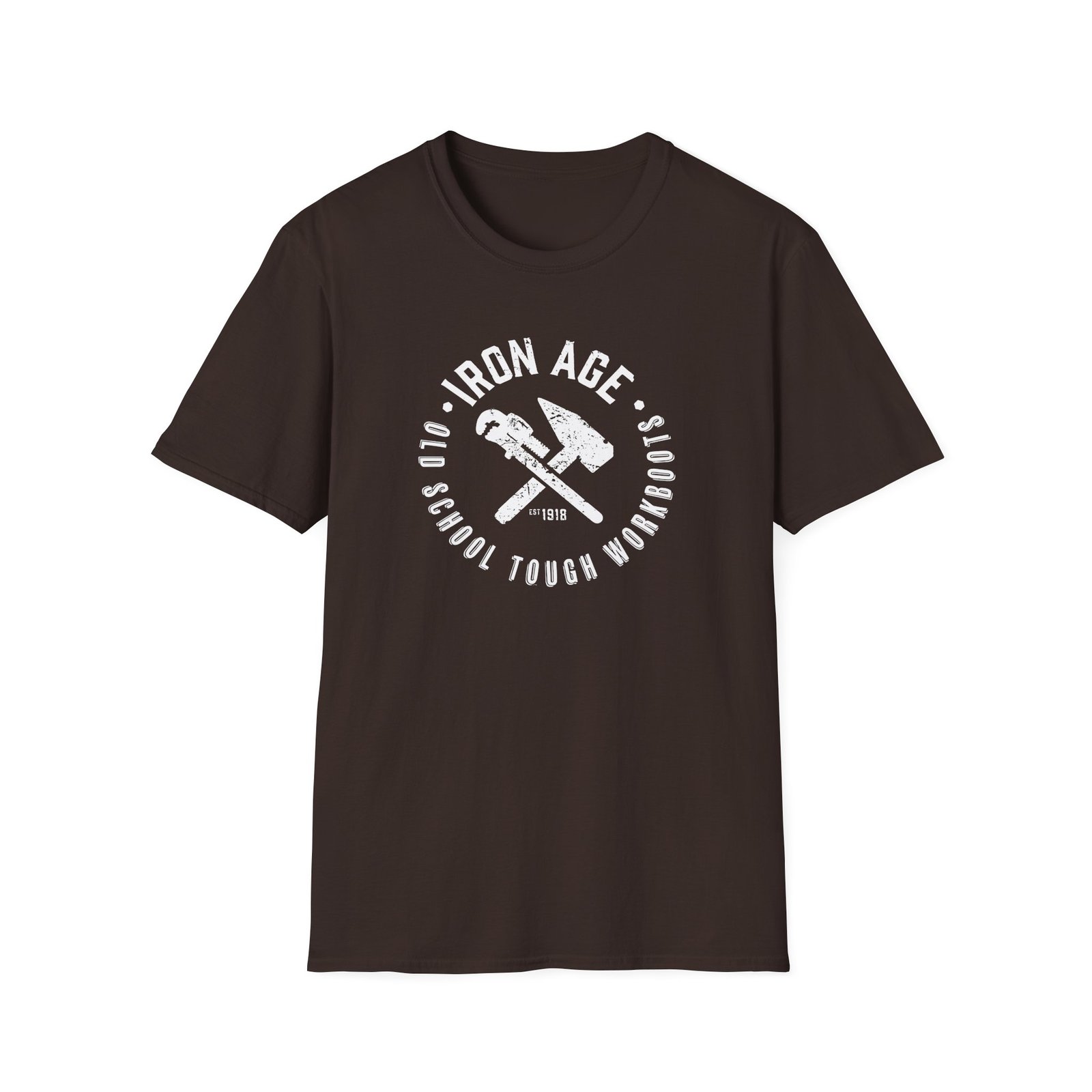 The Iron Age Emblem unisex soft-style t-shirt puts a new spin on casual comfort. Made from very soft materials, this tee is 100% cotton for solid colors. Heather colors and sports grey include polyester. The shoulders have twill tape for improved durability. There are no side seams. The collar is made with ribbed knitting to prevent curling damage.
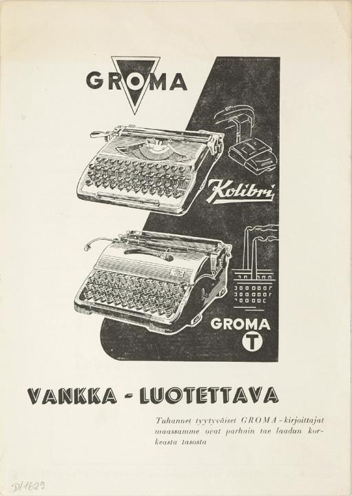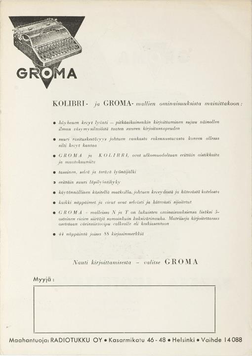 Prospekt in finnischer Sprache für Schreibmaschine Groma Kolibri und Groma T
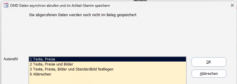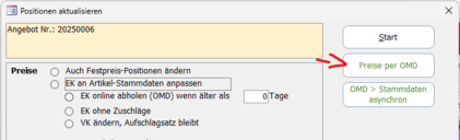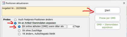 Beim Bestätigen einer der OMD-Schaltflächen werden die Optionen "EK an Artikel-Stammdaten anpassen" und "EK online abholen" automatisch gesetzt.
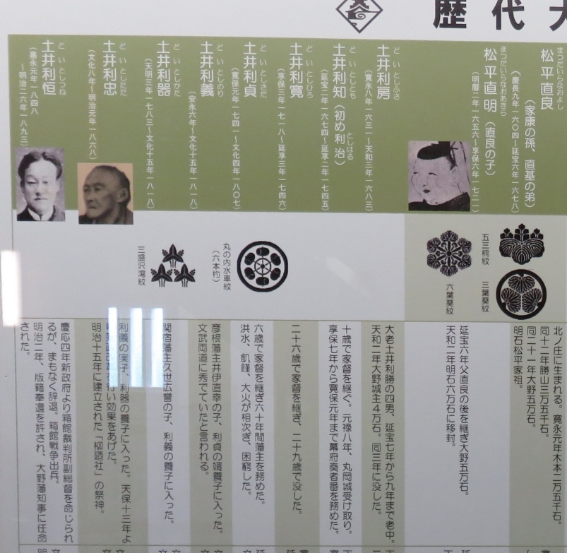 越前大野城の天守閣の内部の展示物の歴代大野城主(2025/5/31) |
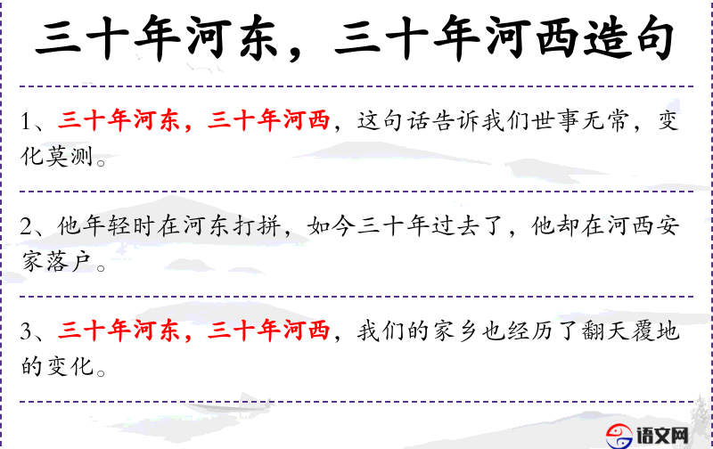 句子:“他年轻时在河东打拼,如今三十年过去了,他却在河西安家落户。”
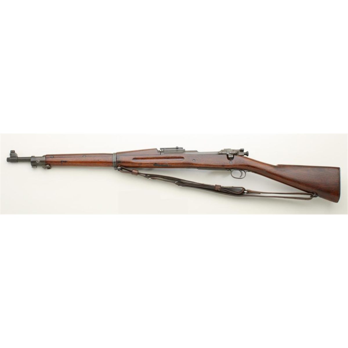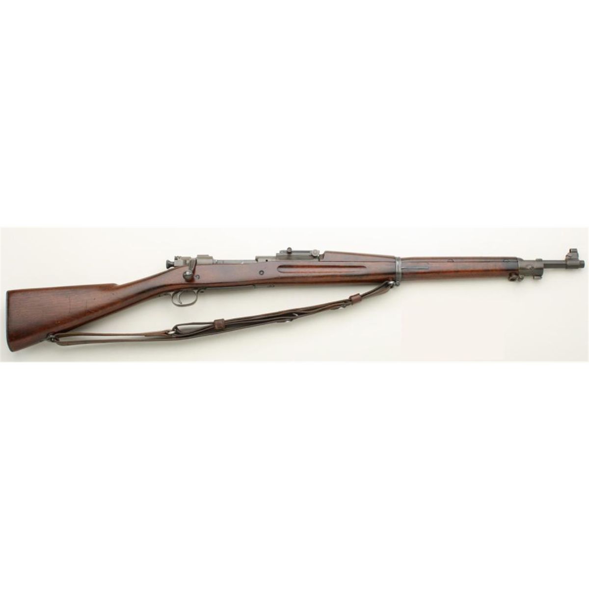 US model 1903 Springfield .30-06 caliber bolt-action military issue rifle, serial #974739. The rifle shows a high-standard marked WWII replacement barrel dated 8-44. The rifle has been arsenal rebuilt and shows95% parkerized finish, just some slight losses on the edges of the triggerguard. The stock shows good “SA” “GAW” cartouche with ordnance wheel right above the trigger. Some small parts were also arsenal replaced attime of refurbish. Condition is very good plus overall. The stocks show just some minor scratches, storage marks. Two “P” inspections behind trigger guard. Very good plus overall. The markings are sharp, borebright. With Boyt 1944 dated sling. The Marine Corps ended up with the majority of these rebuilt WWII 1903s. Dr. Sterling Fenn collection. Est: $400 - $800

•••

* What to work on
Without the pictures, repeat every record above exactly as written.

* Response to the task
 The Iron Age Emblem unisex soft-style t-shirt puts a new spin on casual comfort. Made from very soft materials, this tee is 100% cotton for solid colors. Heather colors and sports grey include polyester. The shoulders have twill tape for improved durability. There are no side seams. The collar is made with ribbed knitting to prevent curling damage.
 Prospekt in finnischer Sprache für Schreibmaschine Groma Kolibri und Groma T
 Beim Bestätigen einer der OMD-Schaltflächen werden die Optionen "EK an Artikel-Stammdaten anpassen" und "EK online abholen" automatisch gesetzt.
 越前大野城の天守閣の内部の展示物の歴代大野城主(2025/5/31) |
 句子:“他年轻时在河东打拼,如今三十年过去了,他却在河西安家落户。”
 US model 1903 Springfield .30-06 caliber bolt-action military issue rifle, serial #974739. The rifle shows a high-standard marked WWII replacement barrel dated 8-44. The rifle has been arsenal rebuilt and shows95% parkerized finish, just some slight losses on the edges of the triggerguard. The stock shows good “SA” “GAW” cartouche with ordnance wheel right above the trigger. Some small parts were also arsenal replaced attime of refurbish. Condition is very good plus overall. The stocks show just some minor scratches, storage marks. Two “P” inspections behind trigger guard. Very good plus overall. The markings are sharp, borebright. With Boyt 1944 dated sling. The Marine Corps ended up with the majority of these rebuilt WWII 1903s. Dr. Sterling Fenn collection. Est: $400 - $800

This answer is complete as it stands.